Superdelegados demócratas se pusieron súbitamente de moda

Mientras los aspirantes demócratas centran sus discursos de campaña en temas económicos, los llamados superdelegados a la convención, que pueden definir la candidatura, son bombardeados con llamadas telefónicas y la reaparición de viejos amigos que se habían perdido de vista. Son unos 800 dirigentes e integrantes desconocidos del partido, la mitad de los cuales ya está definido.
“Nos bombardean de correos electrónicos enviados por todo el mundo”, dijo al The New York Times Donna Brazile, dirigente del Partido Demócrata, a quien incluso llamó su sobrina diciendo: “¡Tía Donna, eres superdelegada!” y haciendo una solicitud a la cual no supo qué responder.

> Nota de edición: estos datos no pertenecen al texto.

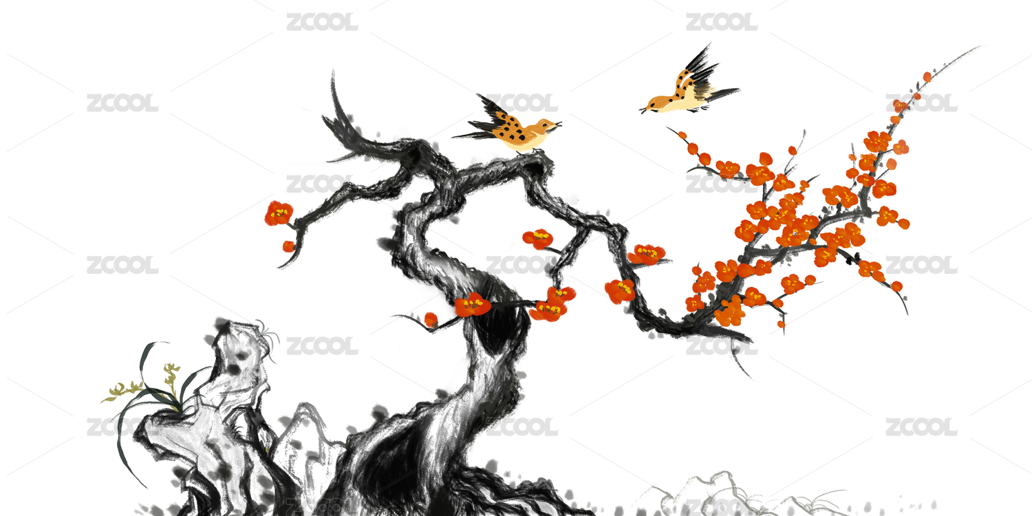 石頭梅花花鳥國畫裝飾畫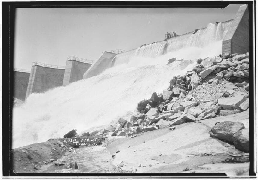 Big Creek, Florence Lake Dam - View from river, taken at 11:15 A.M., showing spill below drum gates of Florence Lake Dam.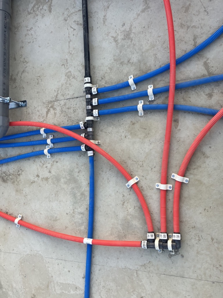 排水パイプと給水のホース、キッチンのガス管が設置。キッチンや風呂まわり、トイレの水回りがみえてきました。昨日まで工事は4連休状態だったので、少し進捗に不安がありました。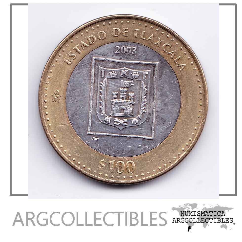 Mexico Tlaxcala 100 Pesos Año 2003 Bimetalica Plata Km 691 Condicion Au

En el bando de Clinton, las maniobras de acercamiento se hacen con estilo familiar: el ex presidente Bill y su hija Chelsea están al parecer colgados al teléfono para convencer a los dirigentes del partido a votar por Hillary.

En el bando de Obama, la ofensiva de seducción es coordinada por el ex jefe de la mayoría de Senado Tom Daschle y por el ex candidato presidencial John Kerry, que compitió en las elecciones de 2004.

Hasta el momento, exactamente la mitad de los superdelegados se han declarado: Hillary Clinton reúne 242 contra sólo 156 de Obama, según estimaciones del sitio independiente RealClearPolitics.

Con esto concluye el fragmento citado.